* **Instructions to follow**
Give again exactly the lines that run from the start of the records to the line holding "Installationsdatum: 04. September", both ends counted. Do not include the pictures.
:: Records for the exercise ::
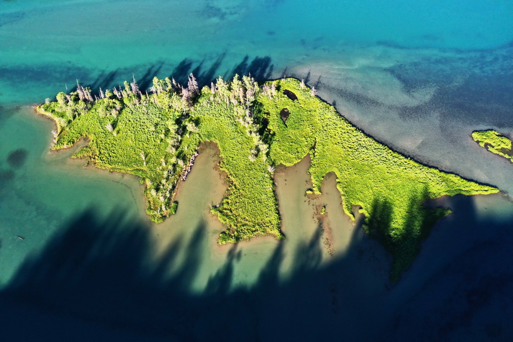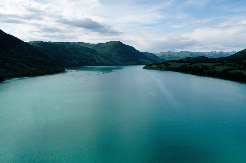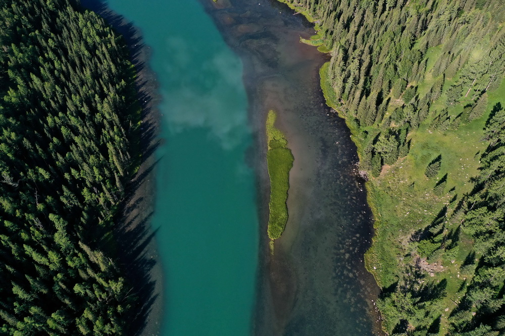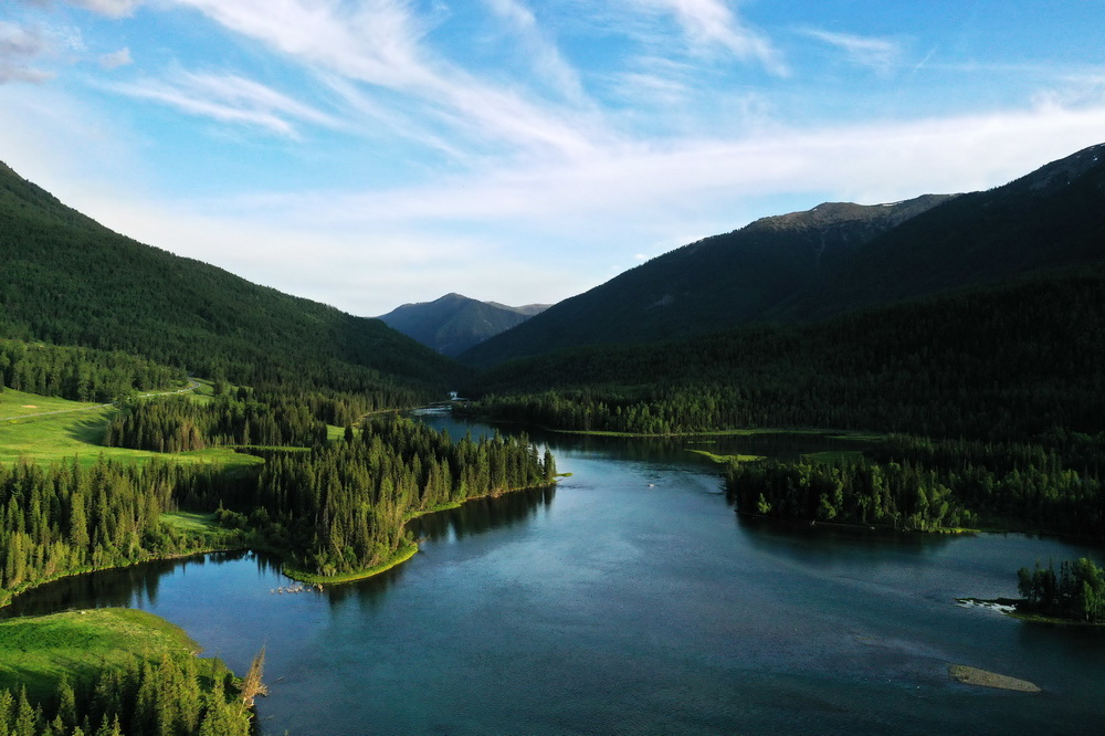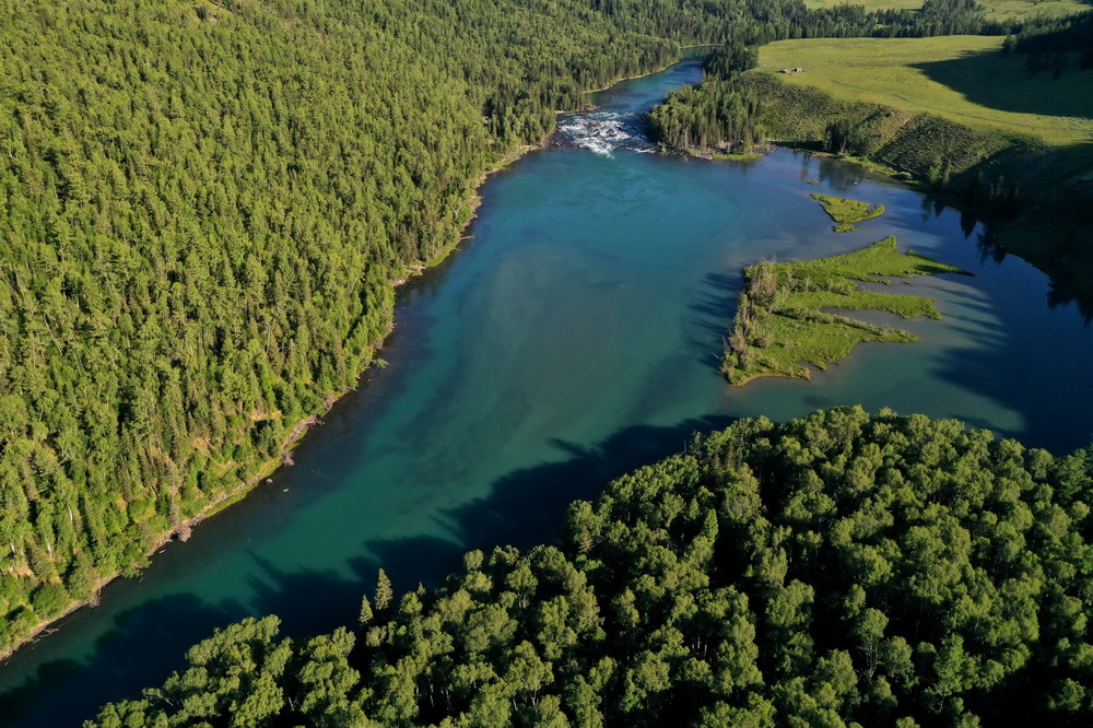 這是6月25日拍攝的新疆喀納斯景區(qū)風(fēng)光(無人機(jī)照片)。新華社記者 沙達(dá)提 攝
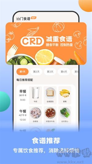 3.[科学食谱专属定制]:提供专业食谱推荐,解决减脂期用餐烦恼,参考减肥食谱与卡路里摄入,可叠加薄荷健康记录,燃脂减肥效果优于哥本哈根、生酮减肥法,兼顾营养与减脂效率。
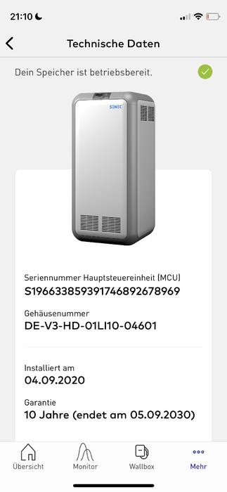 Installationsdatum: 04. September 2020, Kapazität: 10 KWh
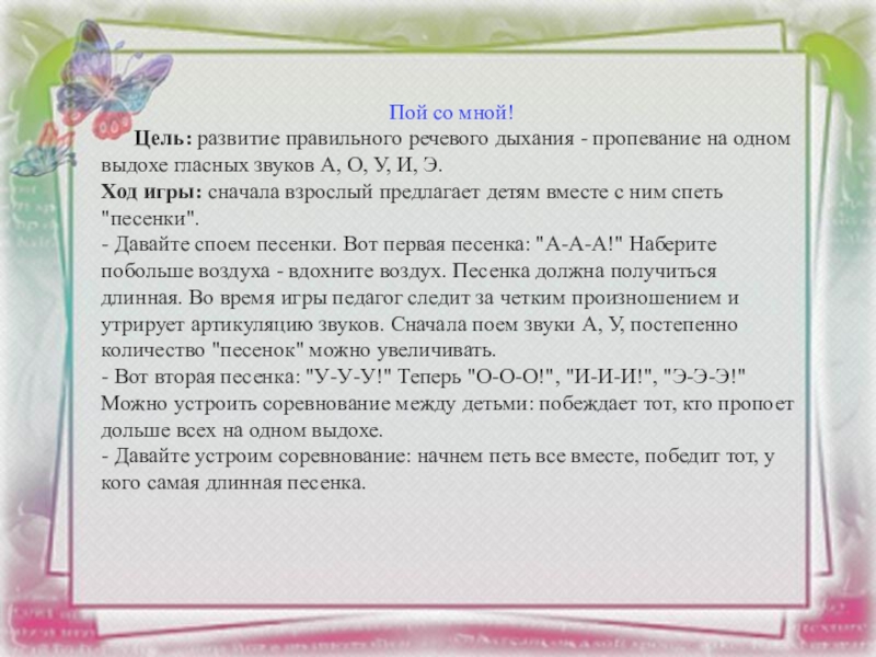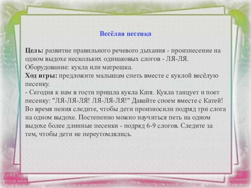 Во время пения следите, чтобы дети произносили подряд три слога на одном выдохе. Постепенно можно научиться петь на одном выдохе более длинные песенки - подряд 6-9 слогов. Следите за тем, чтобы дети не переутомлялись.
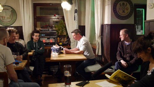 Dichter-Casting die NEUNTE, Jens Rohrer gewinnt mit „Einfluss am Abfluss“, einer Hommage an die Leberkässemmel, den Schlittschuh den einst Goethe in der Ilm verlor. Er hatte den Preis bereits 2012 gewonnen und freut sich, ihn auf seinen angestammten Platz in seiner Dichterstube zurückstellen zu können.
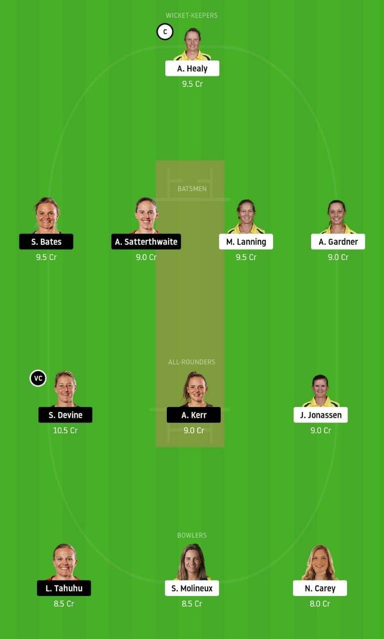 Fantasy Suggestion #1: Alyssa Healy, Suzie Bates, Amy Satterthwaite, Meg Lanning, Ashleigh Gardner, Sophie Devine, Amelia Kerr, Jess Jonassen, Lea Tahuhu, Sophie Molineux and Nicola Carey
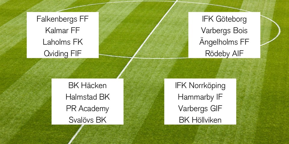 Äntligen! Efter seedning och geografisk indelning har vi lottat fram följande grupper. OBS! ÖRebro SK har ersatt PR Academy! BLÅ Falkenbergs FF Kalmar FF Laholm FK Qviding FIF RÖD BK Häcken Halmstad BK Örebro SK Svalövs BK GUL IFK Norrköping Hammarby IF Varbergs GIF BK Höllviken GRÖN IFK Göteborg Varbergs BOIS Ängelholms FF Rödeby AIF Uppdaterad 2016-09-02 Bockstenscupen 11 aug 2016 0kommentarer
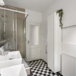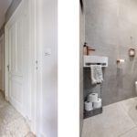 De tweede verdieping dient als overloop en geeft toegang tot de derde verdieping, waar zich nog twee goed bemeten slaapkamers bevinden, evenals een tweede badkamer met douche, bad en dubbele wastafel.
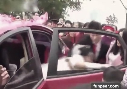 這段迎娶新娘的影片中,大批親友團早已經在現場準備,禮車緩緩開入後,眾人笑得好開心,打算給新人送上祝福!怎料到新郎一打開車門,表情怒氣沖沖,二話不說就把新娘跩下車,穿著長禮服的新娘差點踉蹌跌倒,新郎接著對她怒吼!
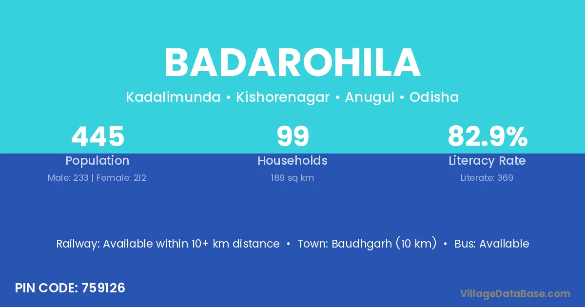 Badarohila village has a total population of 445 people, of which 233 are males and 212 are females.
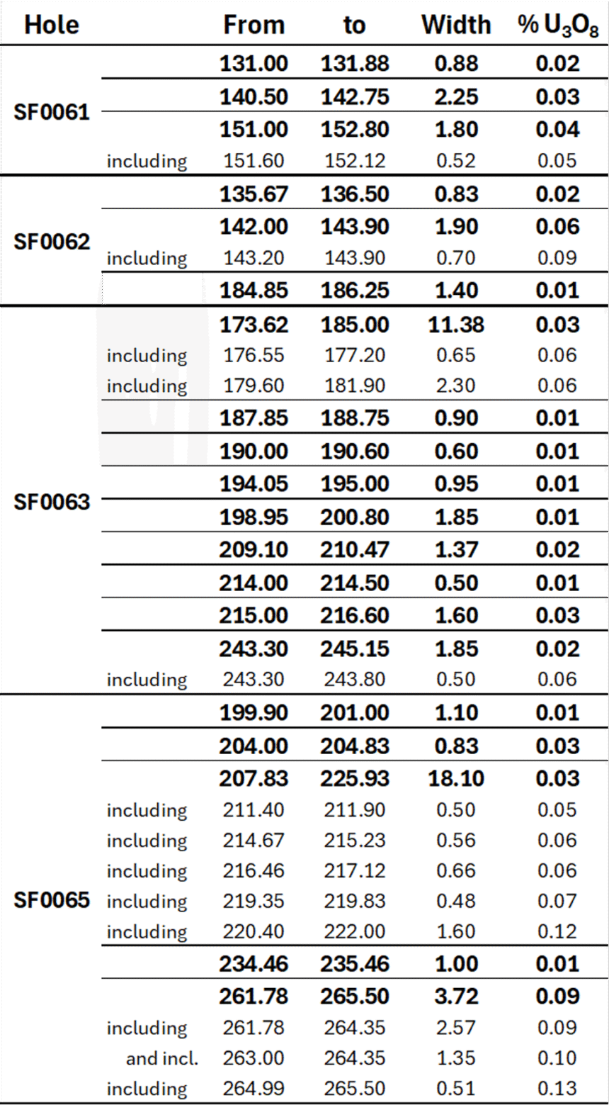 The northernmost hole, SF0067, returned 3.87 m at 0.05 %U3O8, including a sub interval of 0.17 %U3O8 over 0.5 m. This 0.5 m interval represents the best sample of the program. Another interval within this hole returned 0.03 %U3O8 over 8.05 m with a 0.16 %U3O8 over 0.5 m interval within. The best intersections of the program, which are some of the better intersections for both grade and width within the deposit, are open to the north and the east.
:::
* **Response**
 這是6月25日拍攝的新疆喀納斯景區(qū)風(fēng)光(無人機(jī)照片)。新華社記者 沙達(dá)提 攝
 3.[科学食谱专属定制]:提供专业食谱推荐,解决减脂期用餐烦恼,参考减肥食谱与卡路里摄入,可叠加薄荷健康记录,燃脂减肥效果优于哥本哈根、生酮减肥法,兼顾营养与减脂效率。
 Installationsdatum: 04. September 2020, Kapazität: 10 KWh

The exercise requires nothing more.